- **TASK ITEM**
Leaving out every picture, please repeat exactly the line that contains "1. MORO REFLEX�The" and each line after it through the final line below.

- **DATA PROVIDED**
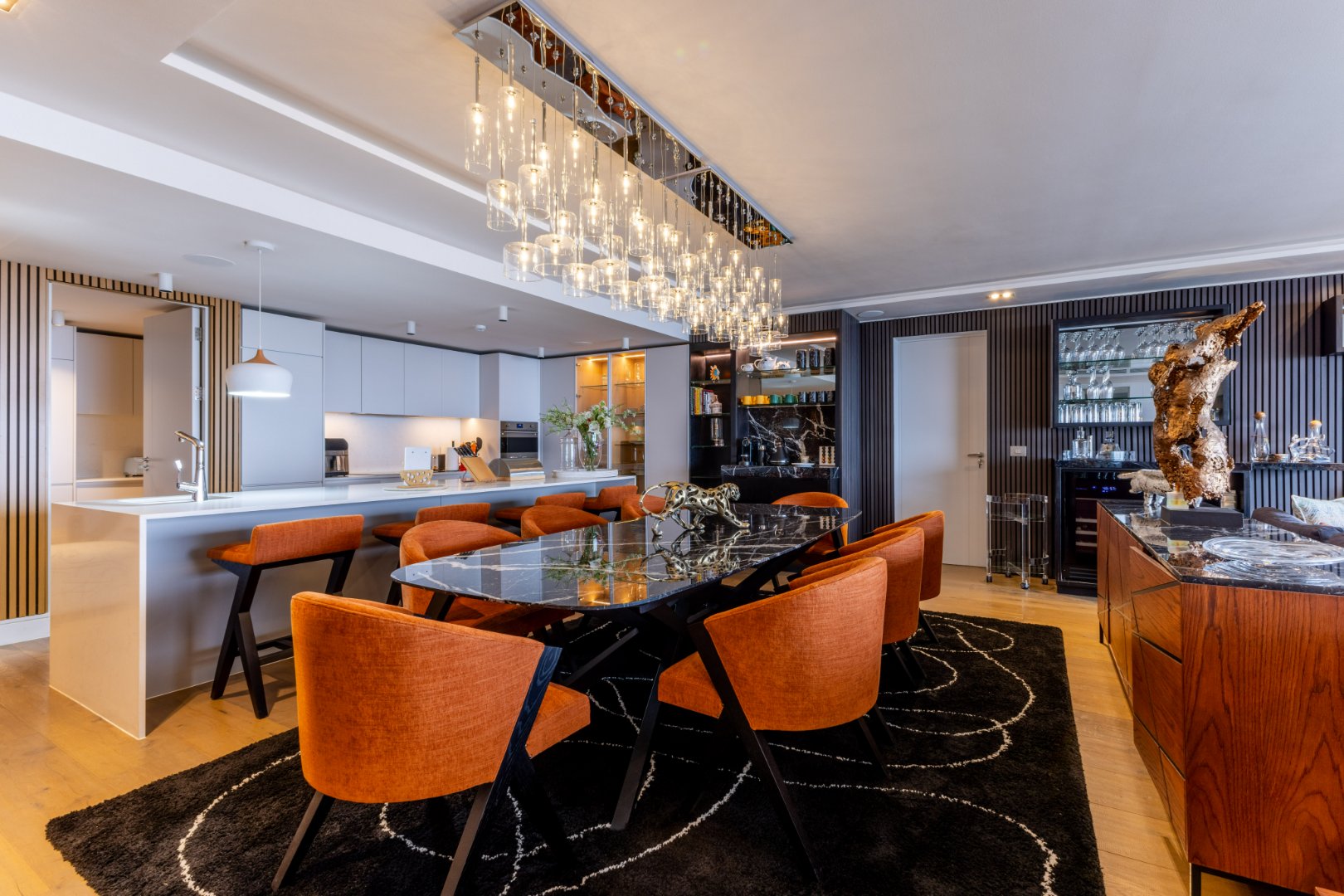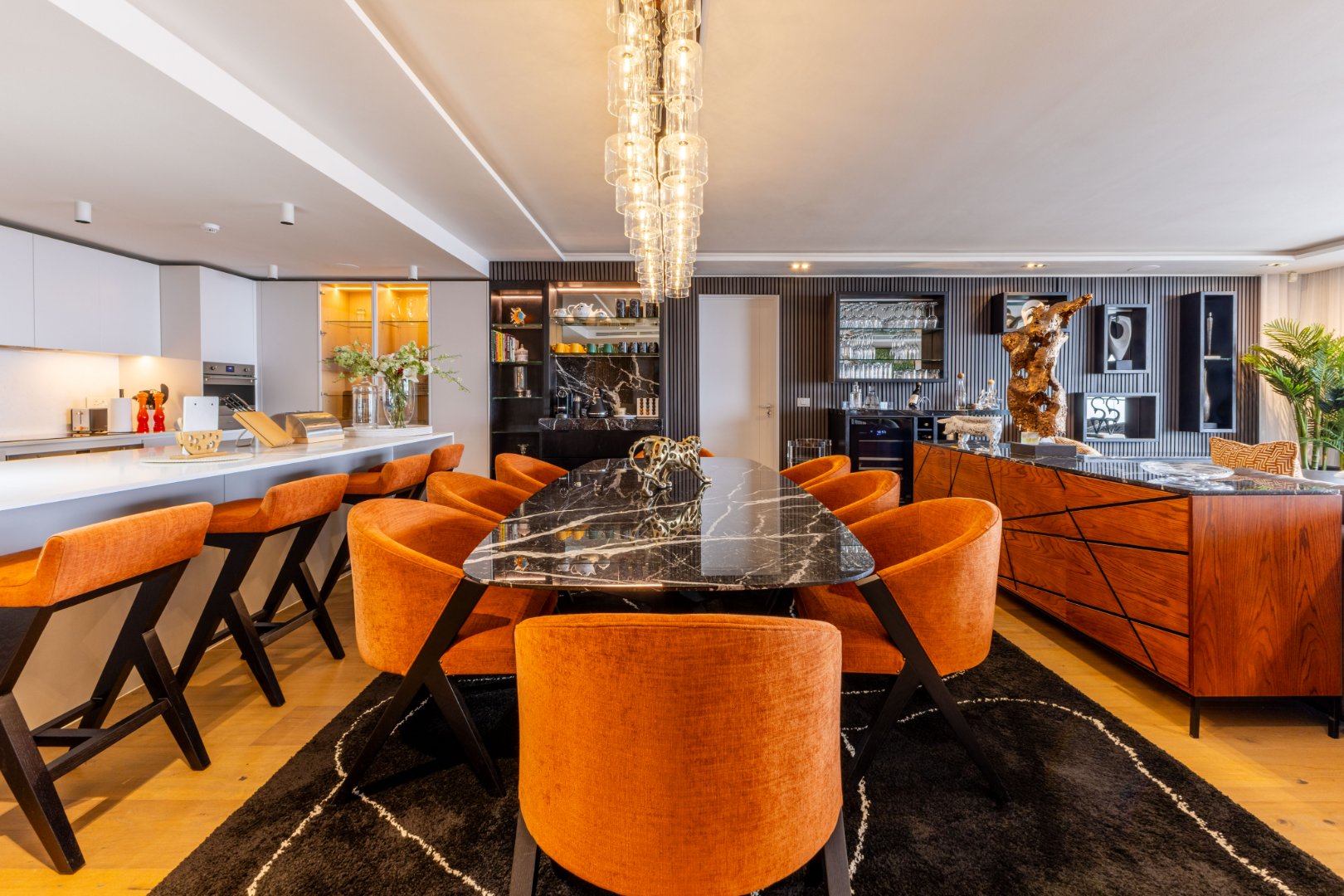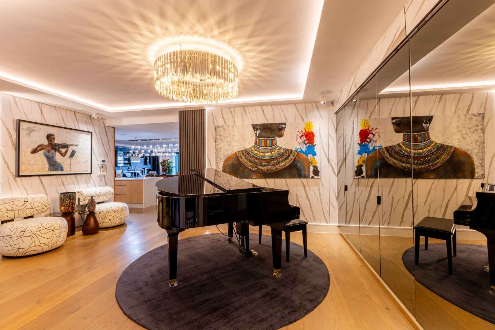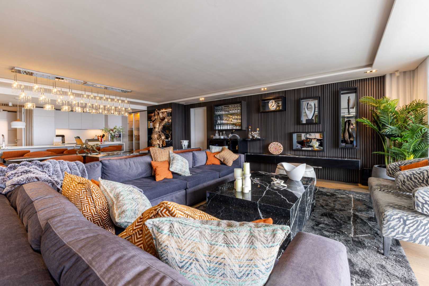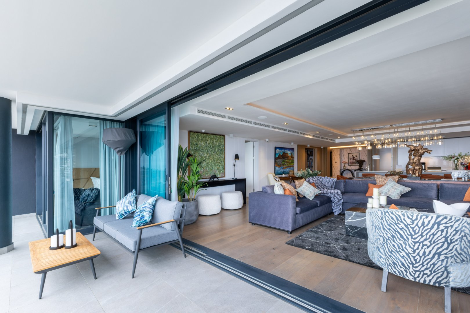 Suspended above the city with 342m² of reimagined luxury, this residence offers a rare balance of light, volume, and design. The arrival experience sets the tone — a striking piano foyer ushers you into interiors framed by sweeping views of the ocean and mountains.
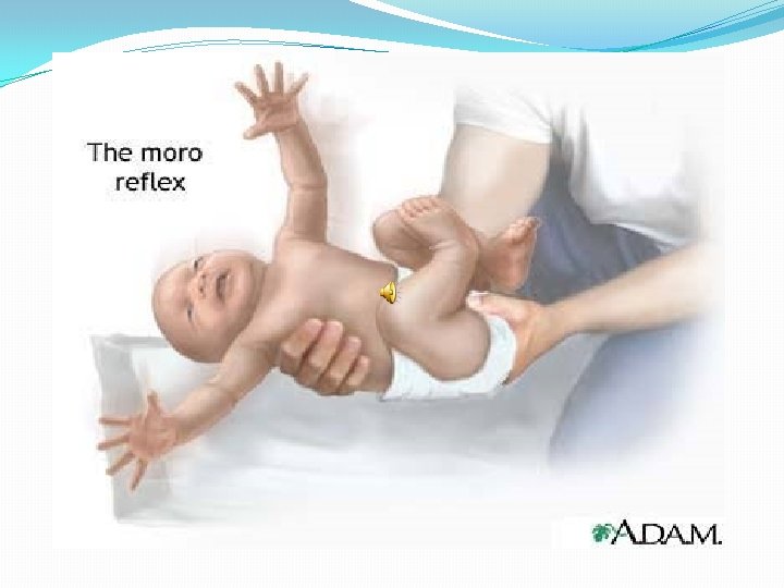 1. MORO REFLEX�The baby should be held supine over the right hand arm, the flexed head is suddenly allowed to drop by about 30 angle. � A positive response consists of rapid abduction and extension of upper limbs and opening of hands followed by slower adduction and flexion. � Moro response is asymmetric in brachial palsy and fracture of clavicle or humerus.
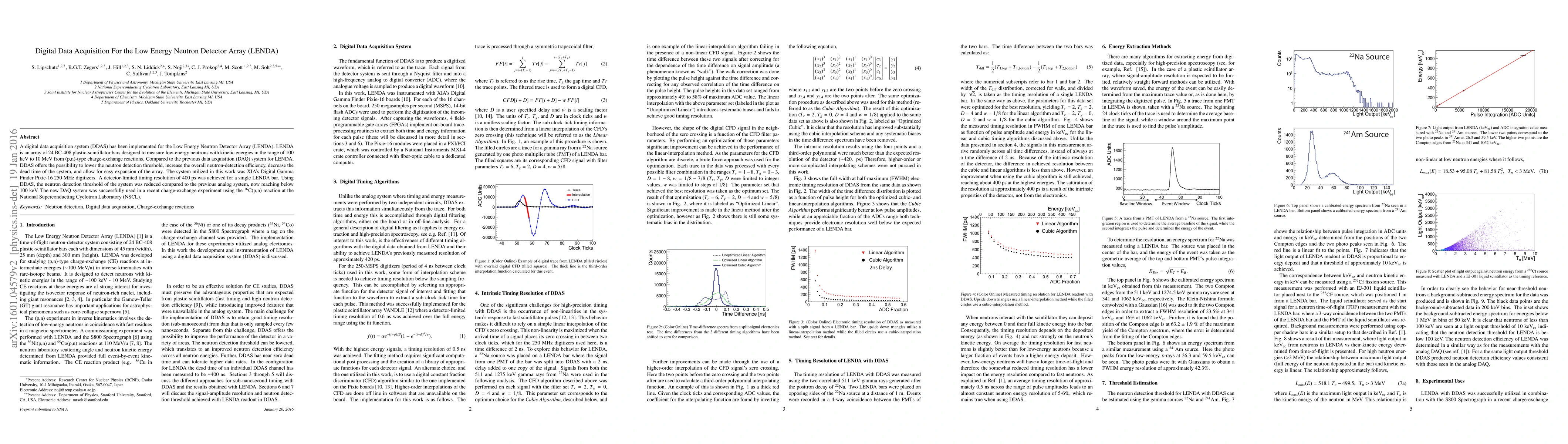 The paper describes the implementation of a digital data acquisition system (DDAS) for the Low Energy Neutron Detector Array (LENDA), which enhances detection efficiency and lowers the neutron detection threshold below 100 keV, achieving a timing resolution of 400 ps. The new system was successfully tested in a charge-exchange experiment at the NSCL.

- **RESULT OF THIS EXERCISE**
 1. MORO REFLEX�The baby should be held supine over the right hand arm, the flexed head is suddenly allowed to drop by about 30 angle. � A positive response consists of rapid abduction and extension of upper limbs and opening of hands followed by slower adduction and flexion. � Moro response is asymmetric in brachial palsy and fracture of clavicle or humerus.
 The paper describes the implementation of a digital data acquisition system (DDAS) for the Low Energy Neutron Detector Array (LENDA), which enhances detection efficiency and lowers the neutron detection threshold below 100 keV, achieving a timing resolution of 400 ps. The new system was successfully tested in a charge-exchange experiment at the NSCL.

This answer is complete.